Reviews

The Book of Everything

Neil Armfield’s terrifically smart and uplifting production at the New Victory is a wonder-filled stage adaptation of a unusual children’s book set in 1951 Amsterdam.

Matthew Whittet in The Book of Everything
(© Heidrun Lohr)
Matthew Whittet in The Book of Everything
(© Heidrun Lohr)

It’s Amsterdam, 1951. Mad dogs and witches run loose on the streets. And, in the aftermath of unimaginable horror, God goes missing. If those facts don’t throw you — or more importantly, your children — check out The Book of Everything at the New Victory Theater.


This terrifically smart and, yes, uplifting production has been brought to New York by Australian director Neil Armfield, who has helmed Richard Tulloch’s wonder-filled stage adaptation of Guus Kuijer’s 2004 children’s book, which focuses on the diary of an innocent yet unusually precocious nine-year-old boy named Thomas (here played by Matthew Whittet) during a crucial coming-of-age moment for him and his family.

Tulloch and Armfield have done a brilliant job together theatricalizing the story, using eight actors, one musician, and beguilingly simple stagecraft, aided by Kim Carpenter’s astonishing set and costume designs that cry out for a picture book version to be made some day of Kuijer’s opus, complete with exotic pop-up illustrations.

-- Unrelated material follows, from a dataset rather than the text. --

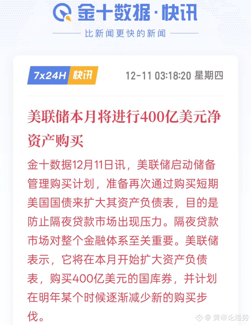 虽然美联储买了400亿美元国债,但别急着认为这是扩表。这400亿其实是RMP操作的一部分,目的不是刺激经济或主动放水,而是为了确保银行体系有足够的准备金,防止年底因为财政部的资金调动、税款缴纳、企业年末结算等因素导致银行体系资金紧张。

A book flies down onto a table like a graceful bird. Hundreds of green ping-pong balls transform into a plague of frogs. Clapping hands conjure a hailstorm.

Tulloch smoothes down one or two edges of Kuijer’s original text — particularly some occasionally dark Biblical views — without compromising the integrity of a tale set against the profoundly disturbing backdrop of postwar Europe. (Anne Frank’s hiding place is never mentioned, but the fact that it’s only two and a half miles away from Thomas’s address is not incidental.) The play does retain, as a word of caution, some R-rated words and even adds one or two of its own.

Whittet has an infectious energy and spirit as Thomas, but he has, unfortunately, been directed to play the nine-year-old character with the cloying baby voice that too many adult actors use to portray children. This Baby Snooks approach is wildly out of place in a production that otherwise looks its appreciative young audience straight in the eye.


The remainder of the cast is uniformly perfect, from powerful veteran actors Peter Carroll, Claire Jones, and Deborah Kennedy, as Thomas’s parents and aunt, to Alison Bell, Julie Forsyth, and Yael Stone, as three separately fierce women who guide the boy. And an unforgettable John Leary rounds out the cast with a cameo that must be seen to be believed.